Elasticsearch: Allow non numeric numbers in JsonParser

Created on 5 Apr 2013  路  8Comments  路  Source: elastic/elasticsearch

I need to index number with NaN values...
Could you allow non numeric number as you allowed comments (https://github.com/elasticsearch/elasticsearch/issues/1394).
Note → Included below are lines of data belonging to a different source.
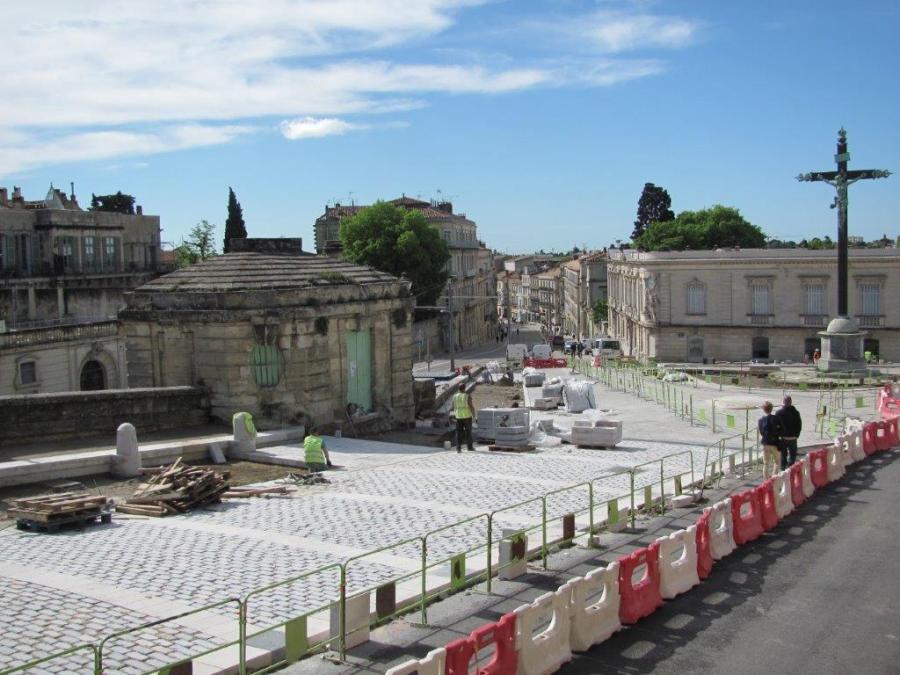 Chantier d’embellissement de la rue François-Franque et de la place Giral à Montpellier, le jeudi 12 mai 2016. Copyright : Edouard Paris
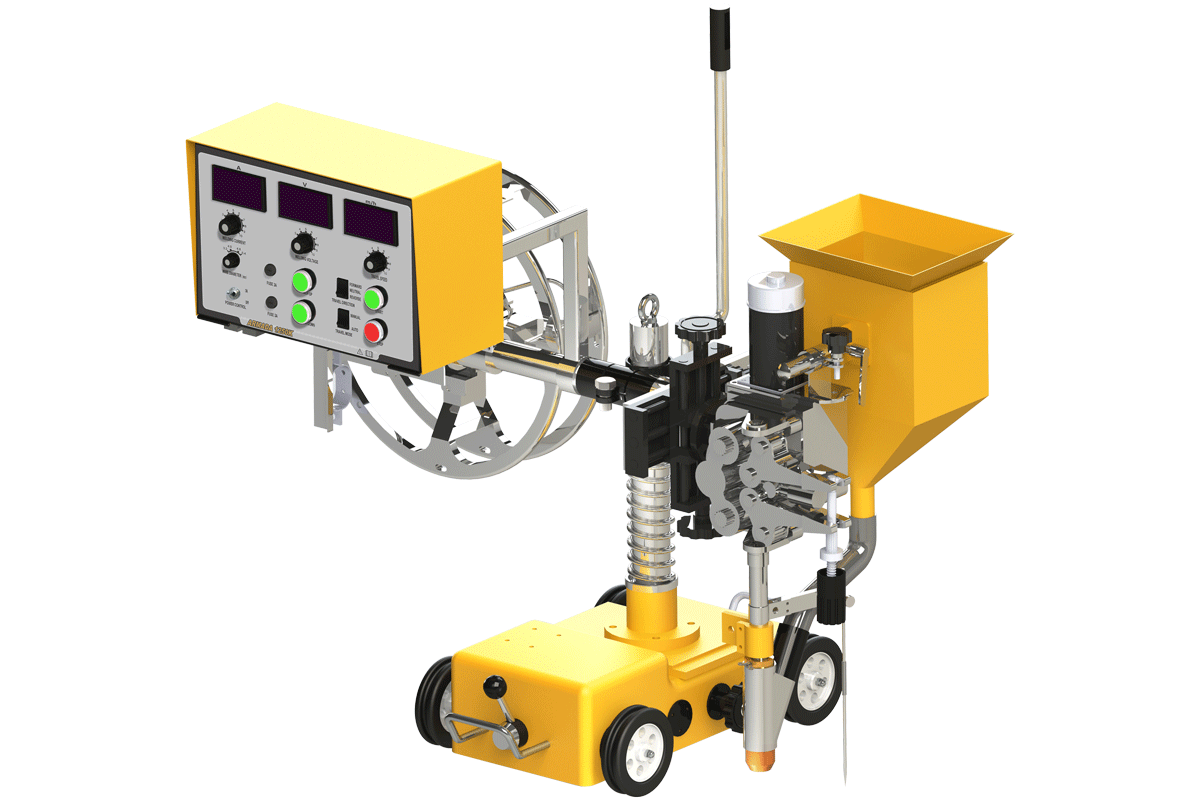 Промышленный многофункциональный сварочный аппарат для автоматической сварки под флюсом (SAW) с функцией ручной дуговой сварки покрытым электродом (ММА) и воздушно-дуговой строжки (Googing). Источник сварочного тока в составе аппарата обеспечивает сварочные процессы с жесткой ВАХ «CV» (Constant Voltage) и падающей ВАХ «СС» (Constant Current) при 100% ПВ с током сварки до 1 000 А. Возможно выполнение сварных изделий из всех видов стали с толщинами от 3 до 350 мм.
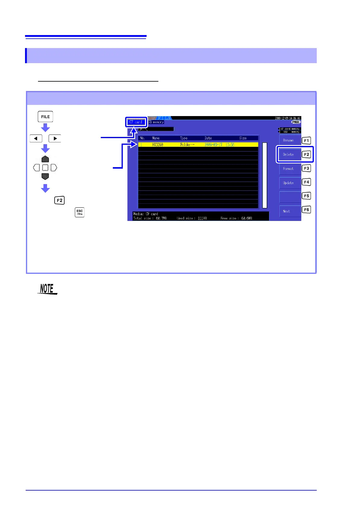 Deleting Procedure (Example: deleting a file (or folder) from a CF card)
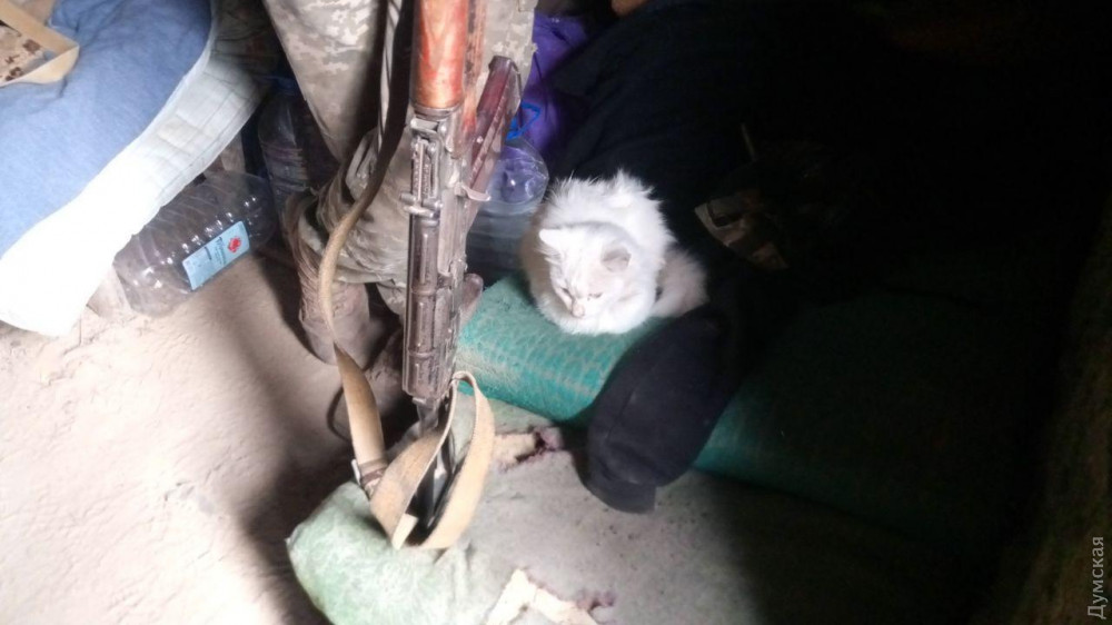 «Кот с позывным Детонатор, когда здесь «шумели» на передке, всегда за несколько минут показывал команду «Воздух» — реагировал на скорый прилет мин, прятался под лавку. Мы всегда знали – если Детонатор прячется, значит, скоро прилетит нам «подарочек». Кот сберег много жизней», — говорит матрос Николай.

jsonFactory.configure(JsonParser.Feature.ALLOW_NON_NUMERIC_NUMBERS, true);

Could these settings be configurable in ElasticSearch?

Most helpful comment

If I understand correctly, ignore_malformed has no impact here. This error isn't thrown by the mapper parser. It's thrown by Jackson when parsing the request json. Let me demonstrate the difference.
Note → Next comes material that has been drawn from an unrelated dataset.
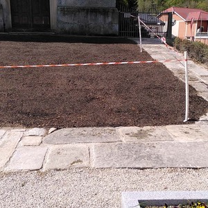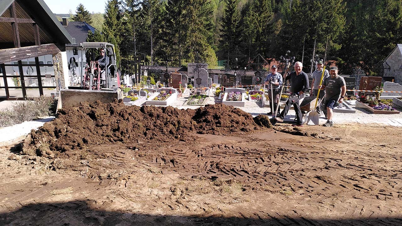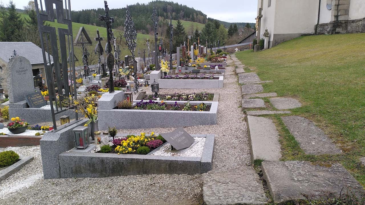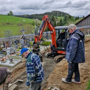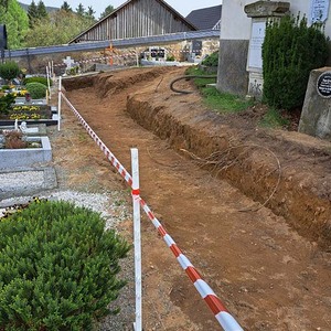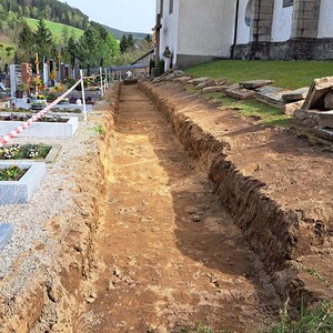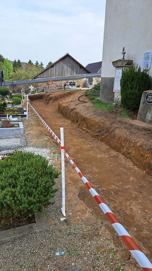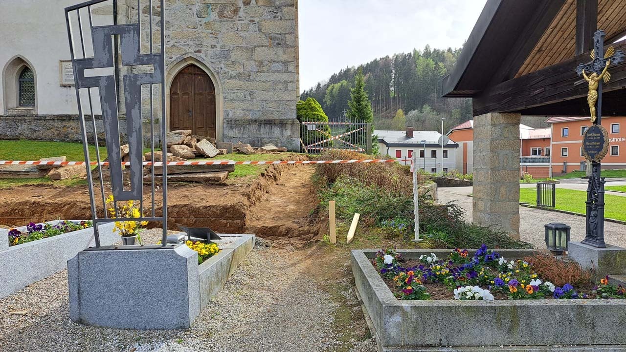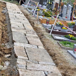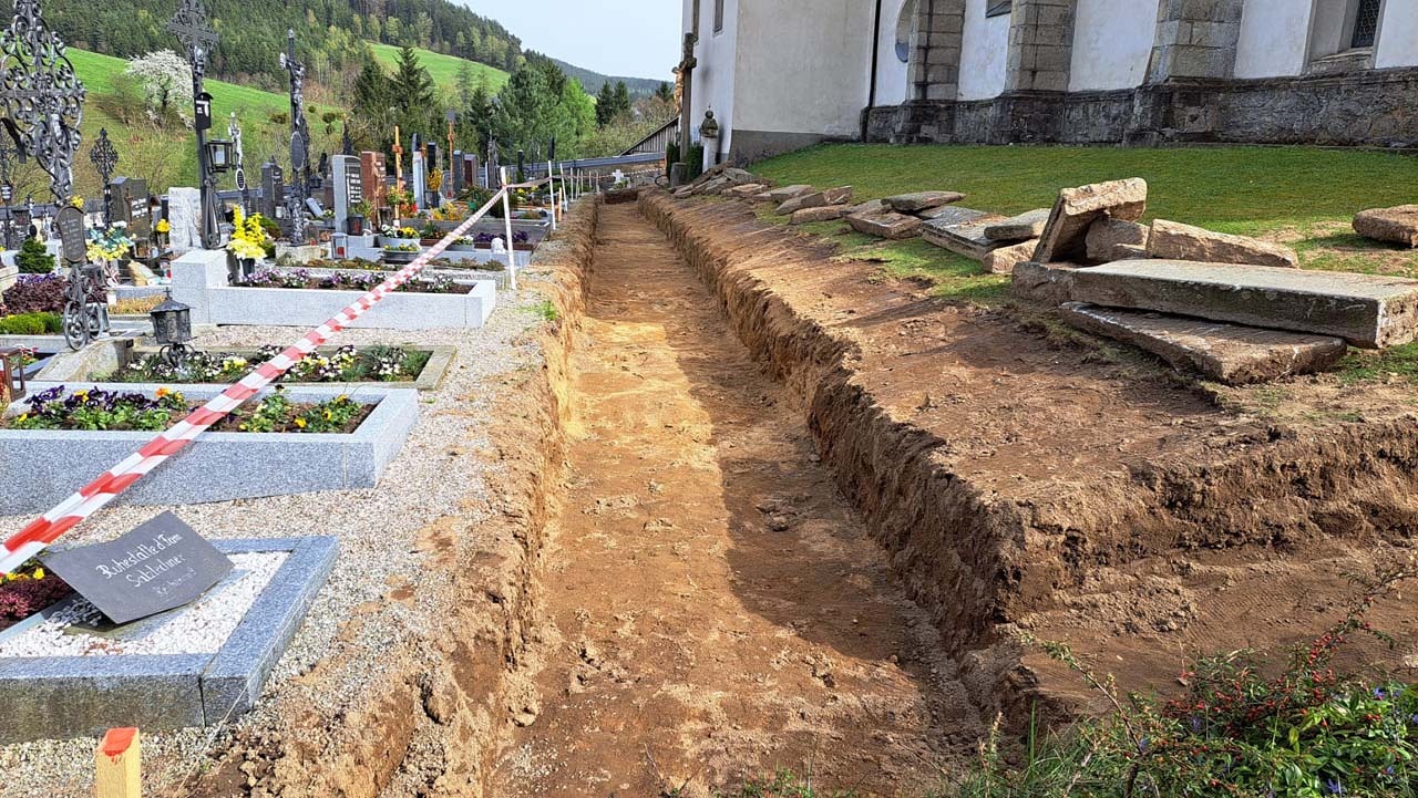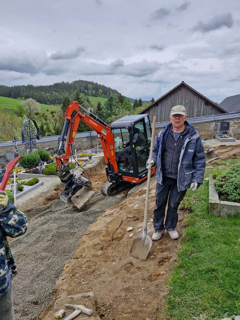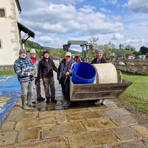 Der Steinplattenweg entlang der nördlichen Seite der Kirche ist fertig saniert.

curl -XPUT http://localhost:9200/bad_numbiz/_doc/1?pretty=true -H 'Content-Type: application/json' -d '{
>   "age":1.7976931348623157e+308}'

returns

{
  "error" : {
    "root_cause" : [
      {
        "type" : "mapper_parsing_exception",
        "reason" : "failed to parse field [age] of type [float]"
      }
    ],
    "type" : "mapper_parsing_exception",
    "reason" : "failed to parse field [age] of type [float]",
    "caused_by" : {
      "type" : "illegal_argument_exception",
      "reason" : "[float] supports only finite values, but got [Infinity]"
    }
  },
  "status" : 400
}

I can prevent that.

curl -XPUT http://localhost:9200/bad_numbiz?pretty=true -H 'Content-Type: application/json' -d '{
>   "settings": {"index": {"mapping.ignore_malformed": true}}}'
{
  "acknowledged" : true,
  "shards_acknowledged" : true,
  "index" : "bad_numbiz"
}
curl -XPUT http://localhost:9200/bad_numbiz/_doc/1?pretty=true -H 'Content-Type: application/json' -d '{
  "age":1.7976931348623157e+308}'
{
  "_index" : "bad_numbiz",
  "_type" : "_doc",
  "_id" : "1",
  "_version" : 1,
  "result" : "created",
  "_shards" : {
    "total" : 2,
    "successful" : 1,
    "failed" : 0
  },
  "_seq_no" : 0,
  "_primary_term" : 1
}

However, if I provide a NaN field value:

curl -XPUT http://localhost:9200/bad_numbiz/_doc/3?pretty=true -H 'Content-Type: application/json' -d '{"other": NaN}'

the response is

{
  "error" : {
    "root_cause" : [
      {
        "type" : "mapper_parsing_exception",
        "reason" : "failed to parse"
      }
    ],
    "type" : "mapper_parsing_exception",
    "reason" : "failed to parse",
    "caused_by" : {
      "type" : "json_parse_exception",
      "reason" : "Non-standard token 'NaN': enable JsonParser.Feature.ALLOW_NON_NUMERIC_NUMBERS to allow\n at [Source: org.elasticsearch.common.bytes.BytesReference$MarkSupportingStreamInputWrapper@7c5c36af; line: 1, column: 14]"
    }
  },
  "status" : 400
}

That seems to be generated by the Jackson JSON parser.

I can't work out a way to pass that attribute to Jackson by command line or config file.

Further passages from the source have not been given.